Define project directory using the `pyprojroot` functions, and add this to the execution path.

In [6]:
repodir = pyprojroot.find_root(pyprojroot.has_dir(".git"))
sys.path.append(str(repodir))

Path to the folder with the form for input of records:

In [7]:
inputdir = repodir / "data" / "input-form"

In [10]:
os.listdir(inputdir)

['Species traits_Blue table_RFW_ 20220505.xlsx',
 'fireveg-trait-input-model.xlsx']

### Load own functions
Load functions from `lib` folder, we will use a function to read db credentials and one for executing insert/update queries in the database.

In [16]:
from lib.parseparams import read_dbparams
from lib.firevegdb import dbquery, batch_upsert


### Database credentials

🤫 We use a folder named "secrets" to keep the credentials for connection to different services (database credentials, API keys, etc).
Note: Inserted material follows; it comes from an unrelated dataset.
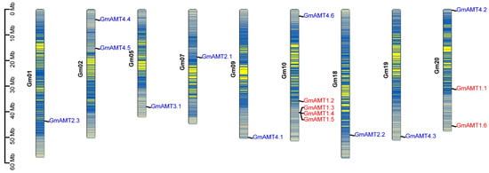 Chromosomal distribution analysis of GmAMT genes. The genome visualization tool of TBtools was used to map the chromosomal distribution of GmAMT genes. The colors of the bars indicate soybean chromosomes, and the color gradients in chromosomes represent gene density. Gene names were marked on each chromosome. GmAMT1 and GmAMT2 subfamily genes are highlighted with red and blue colors, respectively. The scale bar is presented on the left side.

This checked this folder in our `.gitignore` so that its content are not tracked by git and not exposed. Future users need to copy the contents of this folder manually.

We read database credentials stored in a `database.ini` file using our own `read_dbparams` function.

In [9]:
dbparams = read_dbparams(repodir / 'secrets' / 'database.ini', 
                         section='fireveg-db-v1.1')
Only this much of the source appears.